LAMB:How many people live in Taiwan?
 Mr. BERNSTEIN: Twenty-one million.
 
LAMB:How many people live in--you--and you name some of the other
 countries when you talk about that area--Thailand?
 Mr. BERNSTEIN: Oh, gee, I don't know exactly. I think it's about 60 million to
 70 million in Thailand. Might be--might be a little less. I'm not sure, but
 something--I mean, certainly far, far smaller than China itself. 
 
LAMB:In a couple weeks Hong Kong goes back to do what? What--where do
 they--where does it go?
 Mr. BERNSTEIN: Well, Hong Kong on midnight, June 30th, becomes, once
 again after 150 years, part of the Chinese mainland. Hong Kong, as you know,
 was taken by the British in 1840 as a result of the Opium War, so-called because
 the British were trying to get the right to import opium into China freely and the
 Chinese were resisting; not a--on--not a hard thing to imagine the Chinese
 wanting to do. But this was the era of imperialism. The British
 took control of this small, uninhabited island off the coast of China, which happen
 to have the greatest deep-water port in all of Asia, and over the last 150 years it
 became a great commercial, intellectual, industrial center. 

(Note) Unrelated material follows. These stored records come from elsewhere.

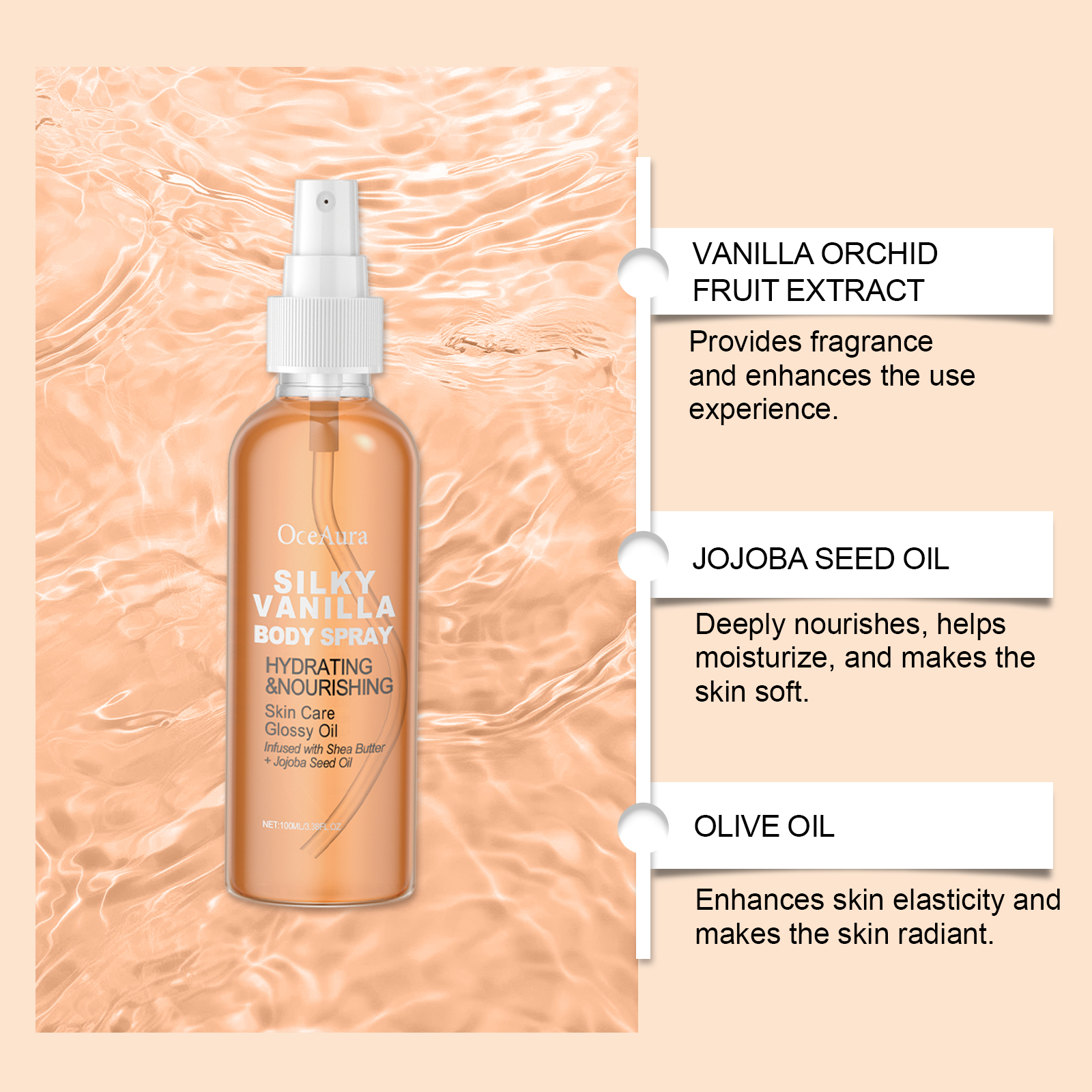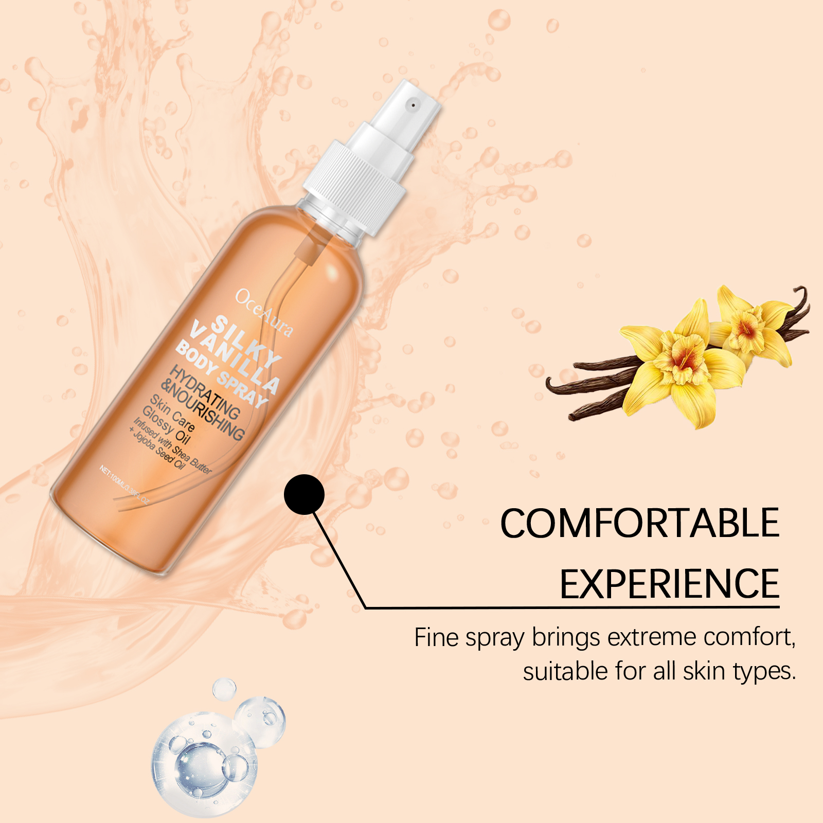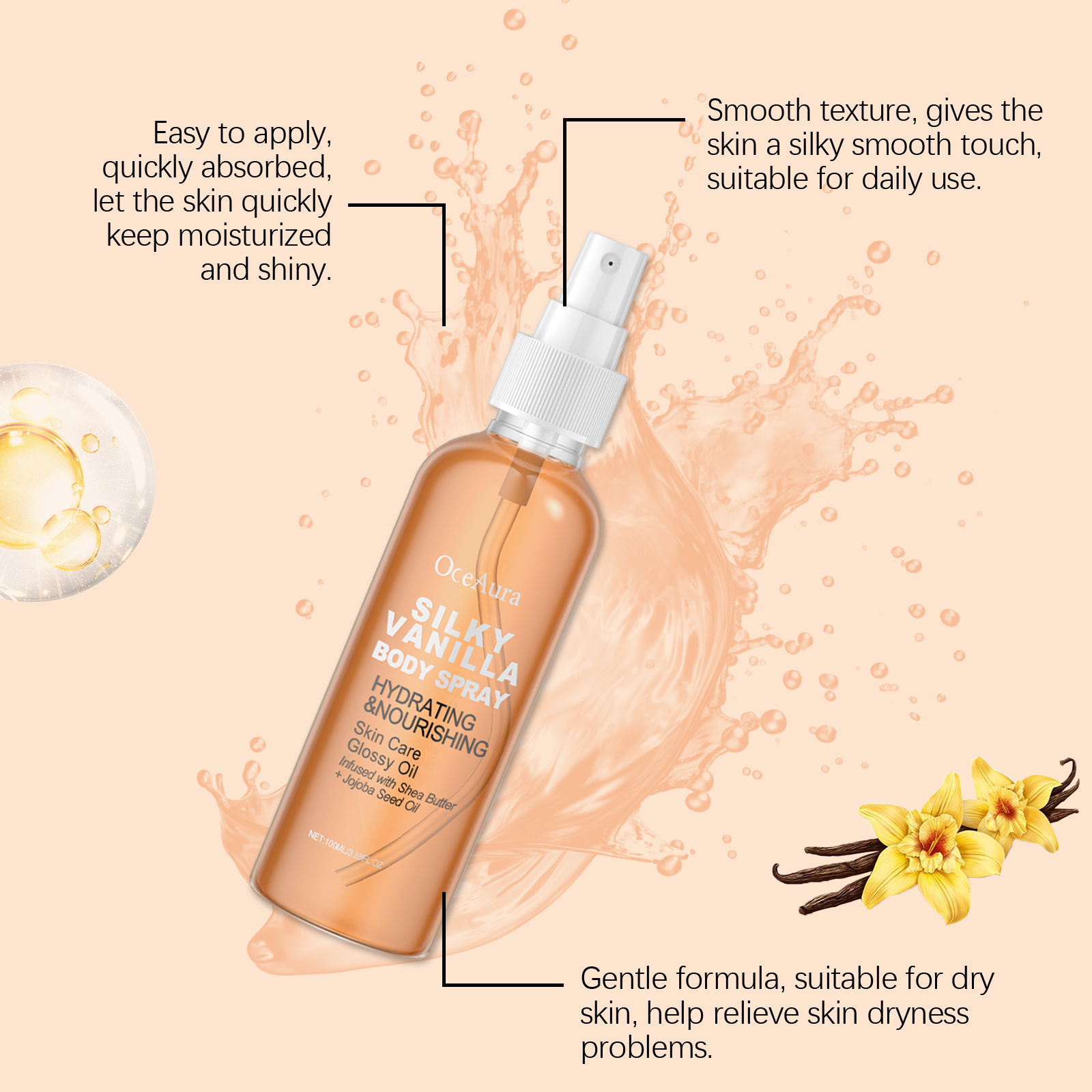 Our Moisturizing body spray contains vanilla fruit extract, Jojoba seed oil and shea butter. It helps the skin retain moisture, keeping it soft and moisturized throughout the day. The way to use it is simple: Clean the skin. Spray the product evenly on the skin and wait for it to be absorbed. The delicate spray easily covers the whole body and keeps the skin smooth and moisturized. Fast absorption, no residue, fresh and not greasy.
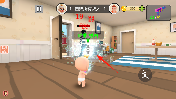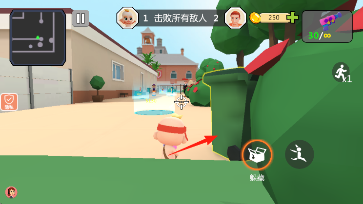 3、戶外場景中,按箭頭提示,操控嬰兒靠近掩體,可點(diǎn)擊躲藏規(guī)避敵人,再伺機(jī)攻擊,完成關(guān)卡任務(wù)。
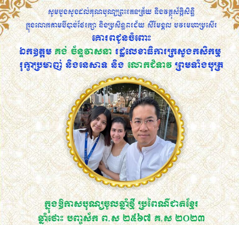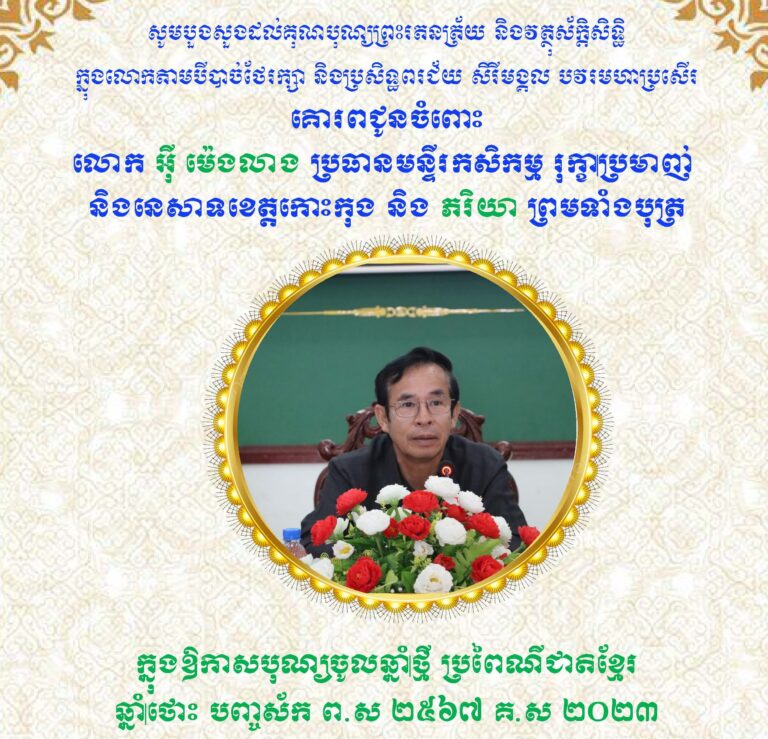 ថ្នាក់ដឹកនាំមន្ទីរ និងមន្ត្រីក្រោមឱាវាទមន្ទីរកសិកម្ម រុក្ខាប្រមាញ់ និងនេសាទខេត្តកោះកុងទាំងអស់ សូមគោរពជូនពរ លោក អុី ម៉េងលាង ប្រធានមន្ទីរកសិកម្ម រុក្ខាប្រមាញ់ និងនេសាទខេត្តកោះកុង និងភរិយា ព្រមទាំងបុត្រាបុត្រី ក្នុងឱកាសពិធីបុណ្យចូលឆ្នំាថ្មី ប្រពៃណីជាតិខ្មែរ ឆ្នាំថោះ បញ្ចស័ក ព.ស.២៤៦៧ គ.ស.២០២៣
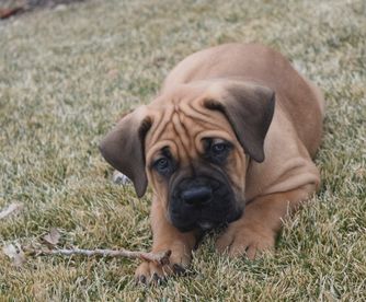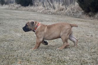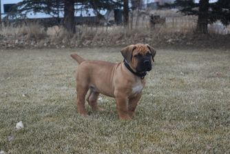 Zuri is such a fun loving family girl! She is muscular and agile with a heart of gold and aims to please. Zuri is Rocky Mountain Boerboels first dam, and we couldn't be happier with her. She scored 83.1% at 2 years old!

 This is all going to--it has the third highest foreign exchange reserves in the world.
 It has six and a half million people. It's the--it has a higher per-capita income than
 Britain. It's the most laissez-faire economy in the world about to be taken over by
 the least laissez-faire government of the world.
 
LAMB:Why did the Brits give it up?
 Mr. BERNSTEIN: Well, technically, Hong Kong was divided into two parts
 basically. There was Hong Kong Island, which was theoretically ceded to the
 British in perpetuity, forever. As a result of the Boxer Rebellion of 1898, the
 Chinese gave a 99-year lease to a much larger portion on the mainland called the
 New Territories. The lease expires this year on June 30th, 1997.
 So it was a convenient, a logical time for the Chinese and the British to start
 talking about how to turn over the new territories with the expiration of the lease
 in accordance with the law--with the agreement that they had signed many
 generations ago.
 At the same time, it was pointless to hold on to just Hong Kong Island and the
 little tip of Hong Kong called--of mainland called Kowloon without the New
 Territories. It's also politically inconsistent with the spirit of the era. So the British
 and the Chinese conducted negotiations in the mid-80s that resulted in a--in an
 agreement between the two sides that Hong Kong would revert to mainland
 control, but that it would retain its separate system and way of life for 50 years.
 
LAMB:Now there's another little spot here on this map. We'll get a close-up of
 it. And it's--I believe it's Portuguese...
 Mr. BERNSTEIN: Yeah.
 
LAMB:...Macao, and you say in your book that that goes back--it's right here,
 close to Hong Kong, that goes back to China when?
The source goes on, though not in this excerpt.